→ Input data:
──────────────────────────────

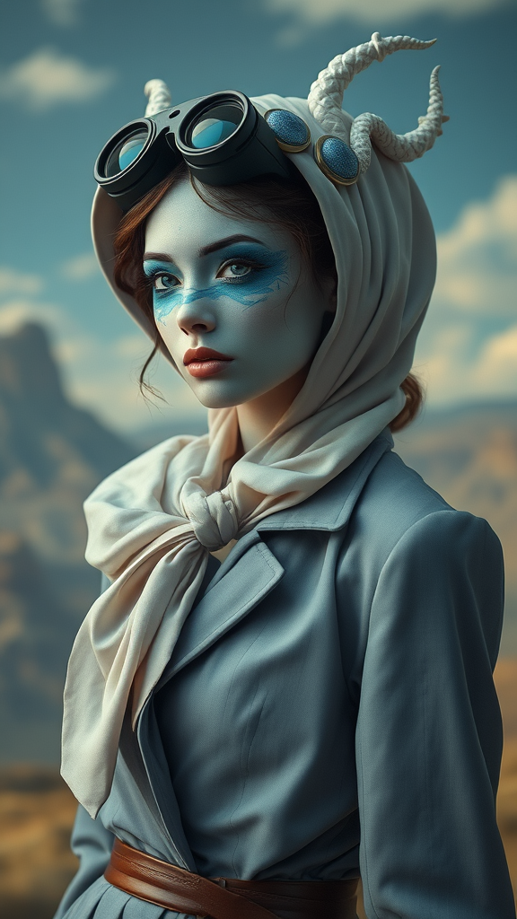 A mysterious spy with subtle blue camouflage on her face, reminiscent of delicate porcelain sculpting, embodies elegance and timeless fashion. Her features, crafted from mythical creatures, blend seamlessly with flowing forms and pastel hues, creating an exquisite vision. Inspired by the whimsical style of Oliver Jeffers, she stands against a surreal backdrop, where dreamlike landscapes merge with reality, evoking a sense of intrigue and wonder.
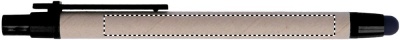 Taaskasutatud kartongist silindri ja ABS-otsa ning klambriga valmistatud kuulpliiats. Sinine tint, täidis ja pehme puutetundlik ots.
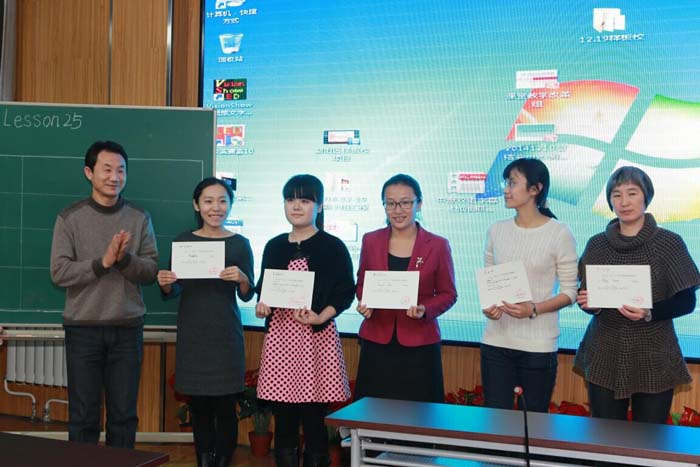朝阳区教研中心教研员李大生向课堂展示的五位教师颁发证书

──────────────────────────────

→ Assignment:
Retype all of the material above precisely as it reads. Pictures are not part of the copy.

→ Task solution:
 A mysterious spy with subtle blue camouflage on her face, reminiscent of delicate porcelain sculpting, embodies elegance and timeless fashion. Her features, crafted from mythical creatures, blend seamlessly with flowing forms and pastel hues, creating an exquisite vision. Inspired by the whimsical style of Oliver Jeffers, she stands against a surreal backdrop, where dreamlike landscapes merge with reality, evoking a sense of intrigue and wonder.
 Taaskasutatud kartongist silindri ja ABS-otsa ning klambriga valmistatud kuulpliiats. Sinine tint, täidis ja pehme puutetundlik ots.
朝阳区教研中心教研员李大生向课堂展示的五位教师颁发证书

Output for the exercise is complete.